[[ Dataset records, beginning ]]

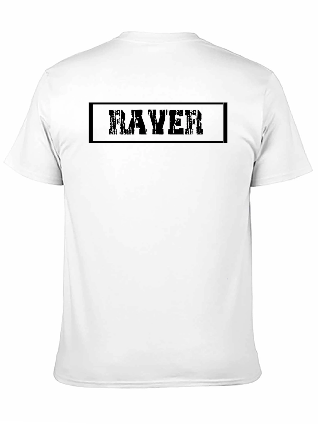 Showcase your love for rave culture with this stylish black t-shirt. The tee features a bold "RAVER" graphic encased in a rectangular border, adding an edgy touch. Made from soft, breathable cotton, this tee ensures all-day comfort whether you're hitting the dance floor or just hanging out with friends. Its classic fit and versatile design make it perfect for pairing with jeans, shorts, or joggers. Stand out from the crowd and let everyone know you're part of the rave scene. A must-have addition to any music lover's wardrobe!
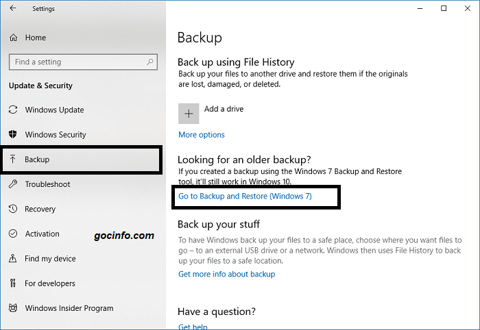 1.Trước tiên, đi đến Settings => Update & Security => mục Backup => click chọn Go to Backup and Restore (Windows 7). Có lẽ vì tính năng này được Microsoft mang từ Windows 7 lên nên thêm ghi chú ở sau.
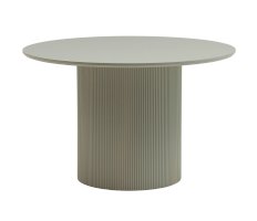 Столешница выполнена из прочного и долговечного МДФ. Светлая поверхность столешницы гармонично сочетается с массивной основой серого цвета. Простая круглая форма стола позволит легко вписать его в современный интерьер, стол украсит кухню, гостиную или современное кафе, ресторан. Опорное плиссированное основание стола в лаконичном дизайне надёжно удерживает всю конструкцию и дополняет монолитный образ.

[[ Dataset records, end ]]
[[ Dataset records, beginning ]]

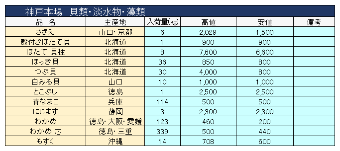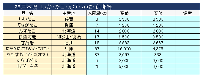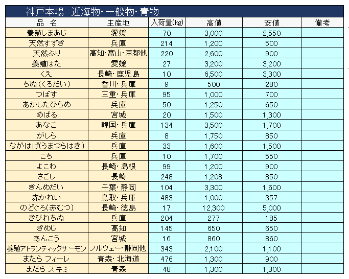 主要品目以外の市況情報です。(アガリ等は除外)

[[ Dataset records, end ]]

Task => Could you output exactly the lines above, from the line with "1.Trước tiên, đi" up to and including the line with "Столешница выполнена из", and nothing else, skipping the pictures?

Task result =>
 1.Trước tiên, đi đến Settings => Update & Security => mục Backup => click chọn Go to Backup and Restore (Windows 7). Có lẽ vì tính năng này được Microsoft mang từ Windows 7 lên nên thêm ghi chú ở sau.
 Столешница выполнена из прочного и долговечного МДФ. Светлая поверхность столешницы гармонично сочетается с массивной основой серого цвета. Простая круглая форма стола позволит легко вписать его в современный интерьер, стол украсит кухню, гостиную или современное кафе, ресторан. Опорное плиссированное основание стола в лаконичном дизайне надёжно удерживает всю конструкцию и дополняет монолитный образ.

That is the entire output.